__Task input__.
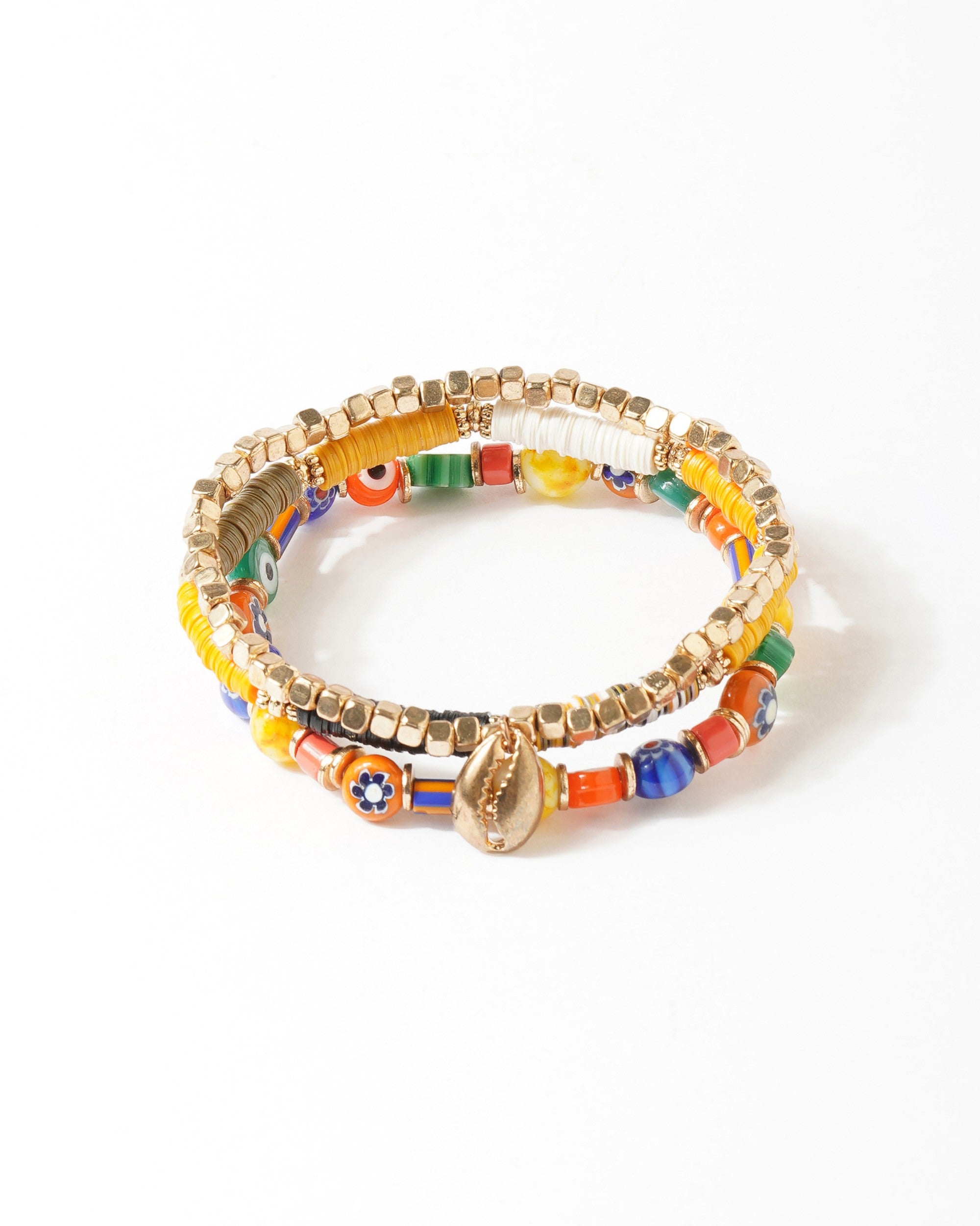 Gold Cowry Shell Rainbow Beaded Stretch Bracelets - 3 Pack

---

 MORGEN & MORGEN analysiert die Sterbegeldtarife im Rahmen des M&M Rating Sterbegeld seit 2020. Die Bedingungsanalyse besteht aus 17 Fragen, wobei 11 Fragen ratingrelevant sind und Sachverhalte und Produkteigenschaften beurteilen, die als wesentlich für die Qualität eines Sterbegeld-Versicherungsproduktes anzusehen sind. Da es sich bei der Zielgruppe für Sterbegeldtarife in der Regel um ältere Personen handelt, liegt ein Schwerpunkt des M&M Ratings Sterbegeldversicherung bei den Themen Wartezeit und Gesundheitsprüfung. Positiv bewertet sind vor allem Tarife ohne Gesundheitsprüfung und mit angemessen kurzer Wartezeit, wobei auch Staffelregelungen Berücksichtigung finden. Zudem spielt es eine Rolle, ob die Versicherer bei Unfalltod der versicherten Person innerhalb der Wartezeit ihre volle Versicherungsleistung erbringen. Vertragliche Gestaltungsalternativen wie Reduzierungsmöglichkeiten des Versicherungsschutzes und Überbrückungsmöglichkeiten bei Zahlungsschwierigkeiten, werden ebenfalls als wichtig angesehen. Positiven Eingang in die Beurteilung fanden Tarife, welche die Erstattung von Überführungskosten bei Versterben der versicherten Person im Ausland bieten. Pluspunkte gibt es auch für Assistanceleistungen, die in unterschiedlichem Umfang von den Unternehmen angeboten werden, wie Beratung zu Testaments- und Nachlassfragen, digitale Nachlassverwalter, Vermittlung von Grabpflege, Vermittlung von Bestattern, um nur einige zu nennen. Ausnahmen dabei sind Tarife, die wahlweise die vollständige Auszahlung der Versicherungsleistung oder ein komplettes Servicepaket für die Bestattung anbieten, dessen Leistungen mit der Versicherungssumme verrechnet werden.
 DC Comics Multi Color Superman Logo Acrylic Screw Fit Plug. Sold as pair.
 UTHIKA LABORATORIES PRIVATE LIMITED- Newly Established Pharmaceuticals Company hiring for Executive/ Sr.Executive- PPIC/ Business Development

__What the task asks__. Everything above from the line containing "DC Comics Multi" down to the line containing "UTHIKA LABORATORIES PRIVATE" should be copied exactly, both end lines included, and nothing else.

__Response__.
 DC Comics Multi Color Superman Logo Acrylic Screw Fit Plug. Sold as pair.
 UTHIKA LABORATORIES PRIVATE LIMITED- Newly Established Pharmaceuticals Company hiring for Executive/ Sr.Executive- PPIC/ Business Development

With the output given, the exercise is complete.